I am buried here. You can resurrect me, but only piecemeal. If you want to see the whole, you will have to sew me together yourself.

[GRAVEYARD]

…Every part of me is human and proportional to the whole. Yet I am a monster—because I am multiple, and because I am mixed, mestizo, mongrel.
[WHY HIDEOUS?]

I am made up of a multiplicity of anonymous particles, and have no absolute boundaries. I am a swarm. "Scraps? Did you call me Scraps? Is that my name?"
[SELF SWARM]


You could say that all bodies are written bodies, all lives pieces of writing.

[ALL WRITTEN]

 


I am like you in most ways. My introductory paragraph comes at the beginning and I have a good head on my shoulders. I have muscle, fat and a skeleton that keeps me from collapsing into suet. But my real skeleton is made of scars: a web that traverses me in three-dimensions. What holds me together is what marks my dispersal. I am most myself in the gaps between my parts, though if they sailed away in all directions in a grisly regatta there would be nothing left here in my place. [DISPERSED]

 


The comparison between a literary composition and the fitting together of the human body from various members stemmed from ancient rhetoric. Membrum or "limb" also signified "clause." The re-establishment of the connection between painting and writing in Neoclassical pedagogy focused again on Quintilian's dictum that the artist must put together an integrated corpus from detachable elements, smoothly flowing from one section to another. Dandre-Bardon taught that "thoughts are the limbs of a composition and must be distributed over the canvas with a just economy." This basically phraseological skill--gliding from corporeal syllables to sentences--averted the creation of tortuous somatic monsters whose parts did not belong. Analogously, Joseph Addison (1672-1719) disparaged as the creations of false wit the use of obsolete words or barbarisms, rusticities, absurd spellings, complicated dialects, and the outlandish construction of poems made up of concrete objects. The essay on "True and False Wit" took to task "tricks in writing" and decadent signs of "Monkish" taste. These were evinced in the visual turning of one set of terms into another and resembled "the Anagram of a Man." The limbs of syntax were distorted and set in foreign places where they did not rightfully occur.

TYPOGRAPHICAL

 

 

(…) It is a potential line, an indication of the way out of two dimensions (fold along dotted line): In three dimensions what is separate can be brought together without ripping apart what is already joined, the two sides of a page flow moebiusly into one another. Pages become tunnels or towers, hats or airplanes, cranes, frogs, balloons, or nested boxes. Because it is a potential line, it folds/unfolds the imagination in one move.

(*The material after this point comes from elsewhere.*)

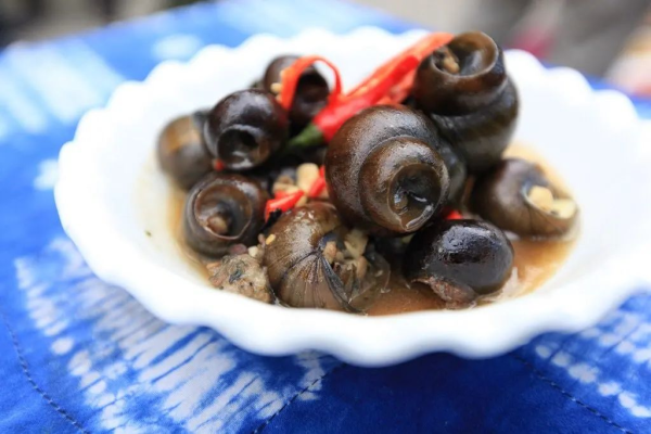 在陽朔,一直有“無釀不成席”的說法,田螺釀就是其特色釀菜之一。田螺里面的肉不全是螺肉,而是“螺肉+豬肉”,輕輕一嗦,里面的肉餡和湯汁就被吸入口中,令人回味無窮!

It suggests action (fold here), a chance at change, yet it acknowledges the viewer's freedom to do nothing but imagine. It is paradoxical: more innocent than the solid line (above which rises, on a sewing pattern, half a pair of scissors, oddly askew), it can be coerced into fiercer uses than the pacifist fold: on the photograph of a cow, the classic cuts are sketched out in dotted lines. The cow doesn't know it yet, but it is an assemblage of dinners. A dotted line demonstrates: even what is discontinuous and in pieces can blaze a trail.